_PROBLEM STATEMENT_
Write out nothing except the lines of the entries below, from the first through the one containing "近日,河南省教育厅公布202", exactly and without pictures.

_INFORMATION GIVEN_

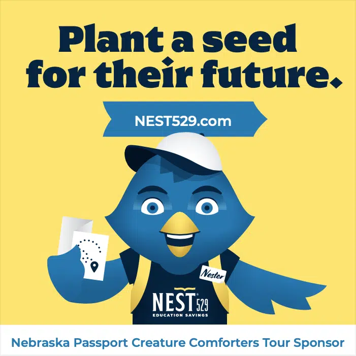 “We are thrilled to partner with Nebraska Tourism, supporting this year’s Creature Comforters stops,” said Nebraska State Treasurer John Murante. “Summer vacation is a special time for families. We hope to inspire kids to consider their future while encouraging families to start saving funds now to support continuing education needs down the road.”
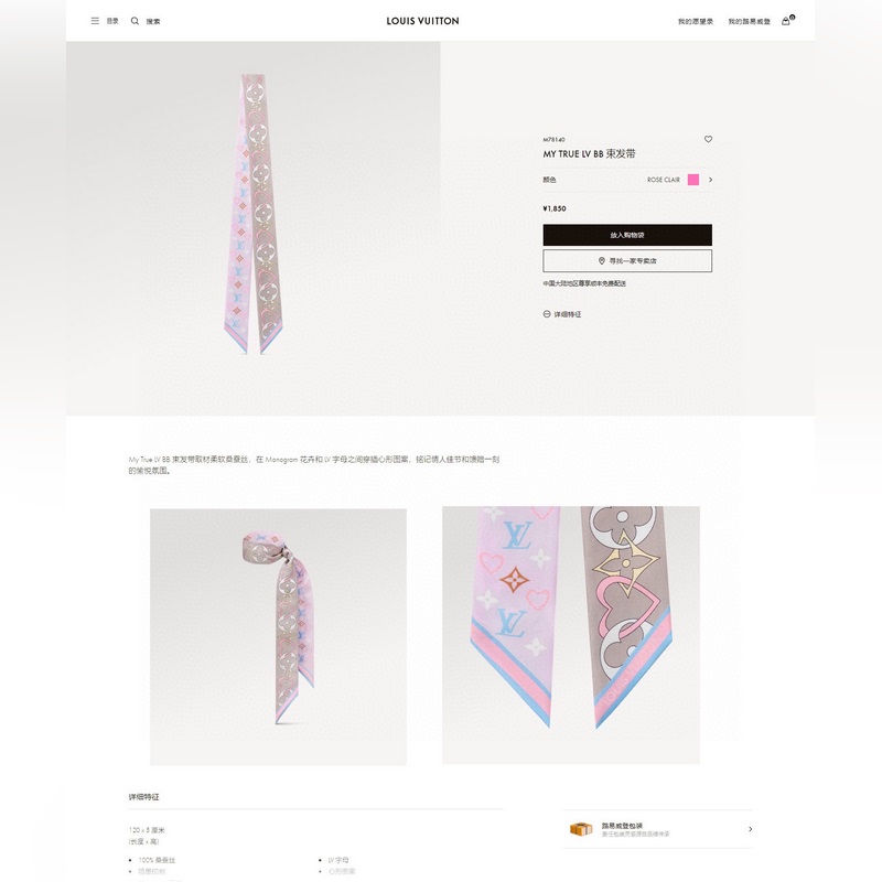The silk double-layer streamer can be worn on both sides. The Tribute To silk headband puts classic design patterns such as the Alma, Seedy, Bo te Chaeau and Dauhine handbags center stage, paying tribute to the all-over Monogram pattern and brand logo with exquisite and intricate brushstrokes, highlighting the elegant style of Louis Vuitton.
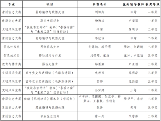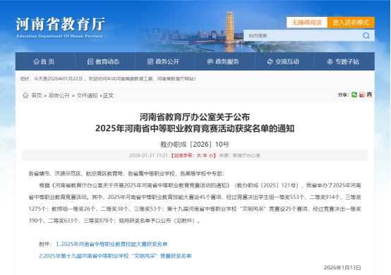 近日,河南省教育厅公布2025年河南省中等职业教育竞赛活动获奖名单,我校学子共斩获13个奖项,创下佳绩。其中,一等奖2项、二等奖2项、三等奖9项。
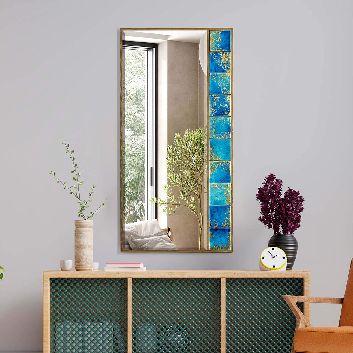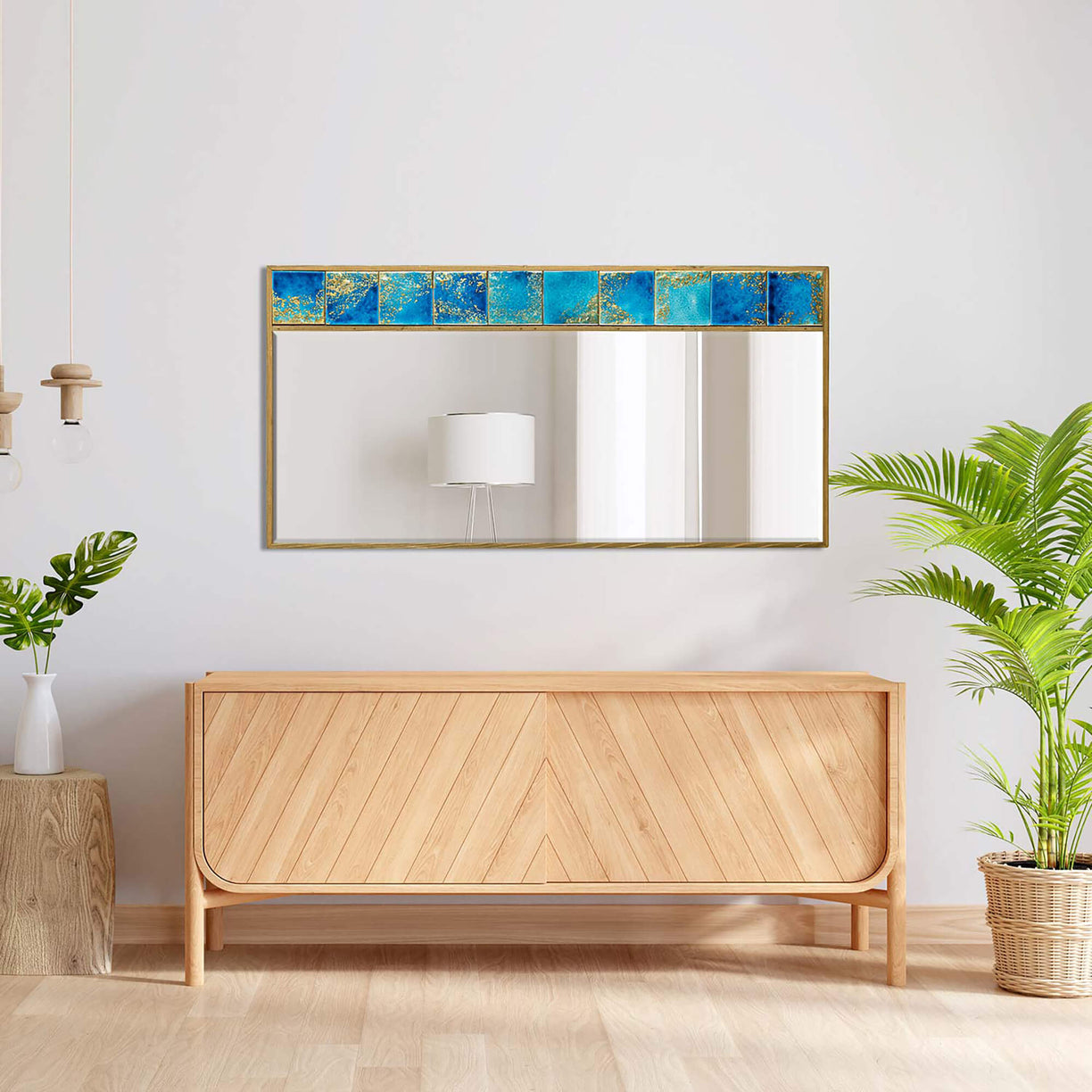 Enrich your living space with the timeless beauty of Turkish craftsmanship through our handcrafted tile mirrors. Produced in the heart of Turkey, each mirror showcases the artistry of our skilled artisans who meticulously create them from the finest tile and travertine stones. What sets our mirrors apart is the natural wood used for their frames, adding a touch of warmth and authenticity to the design. The glass of the mirror has been produced as a premium quality, ensuring clear reflections and durability. But that's not all – our tiles are as unique as your own imagination. With each model boasting distinct designs and colors, you have the freedom to seamlessly integrate them into your interior design. In our collection, you'll find an array of unique mirrors available in small, medium, and large sizes to fit your interior design needs. Whether you're searching for a charming wall hanging mirror, a sophisticated pier glass mirror, or a statement-making large size mirror, we have a mirror for every room in your home. If you're in search of a truly individual piece, we offer custom-made mirrors, though pricing may vary depending on your specifications. Elevate your space with the distinctive beauty of our handmade tile mirrors, inspired by Turkish tradition.
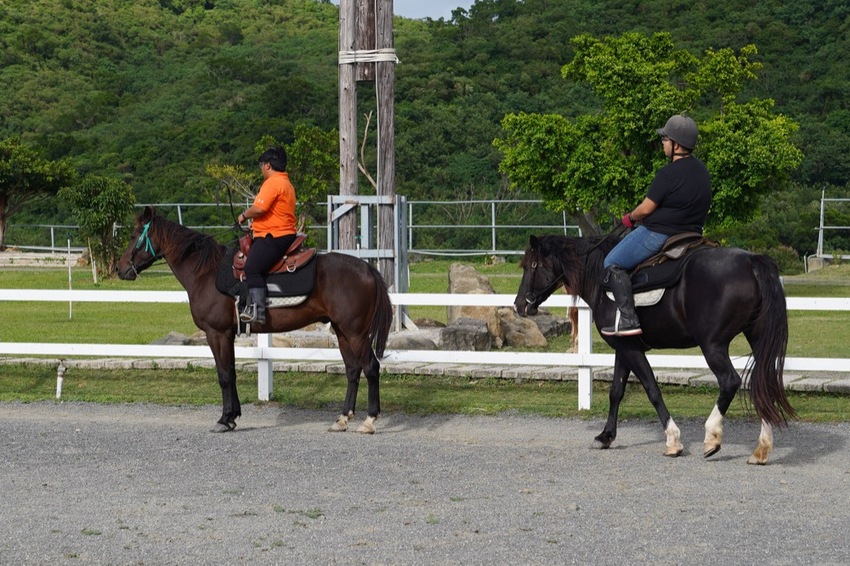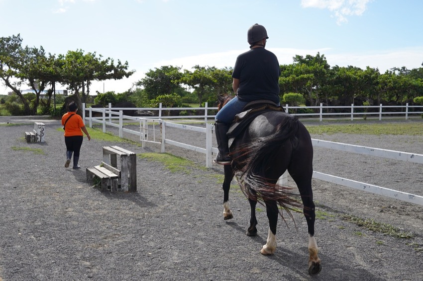 上馬前會先調整好最好的狀態,剛開始會由助教牽著你的馬跟走,告訴你如何拉繩的時機及指令
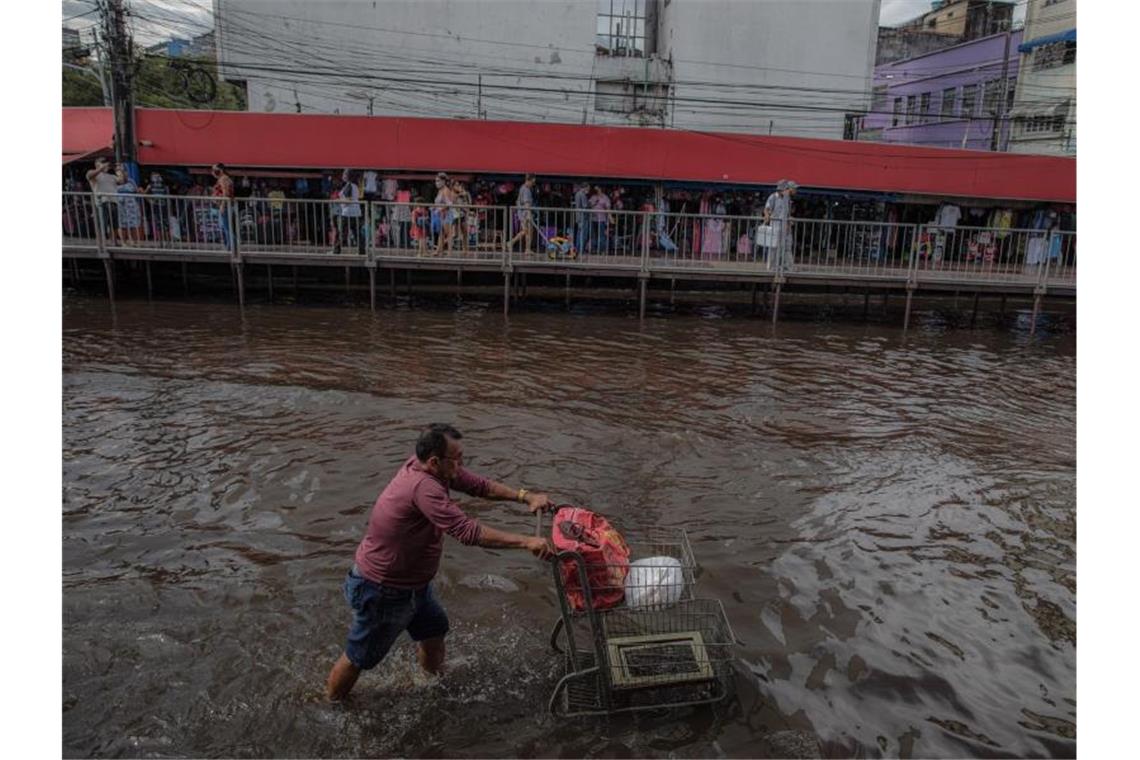 Ein Mann schiebt einen Einkaufswagen durch eine überschwemmte Straße in Manaus. Foto: Lucas Silva/dpa

_WRITTEN ANSWER_
 “We are thrilled to partner with Nebraska Tourism, supporting this year’s Creature Comforters stops,” said Nebraska State Treasurer John Murante. “Summer vacation is a special time for families. We hope to inspire kids to consider their future while encouraging families to start saving funds now to support continuing education needs down the road.”
The silk double-layer streamer can be worn on both sides. The Tribute To silk headband puts classic design patterns such as the Alma, Seedy, Bo te Chaeau and Dauhine handbags center stage, paying tribute to the all-over Monogram pattern and brand logo with exquisite and intricate brushstrokes, highlighting the elegant style of Louis Vuitton.
 近日,河南省教育厅公布2025年河南省中等职业教育竞赛活动获奖名单,我校学子共斩获13个奖项,创下佳绩。其中,一等奖2项、二等奖2项、三等奖9项。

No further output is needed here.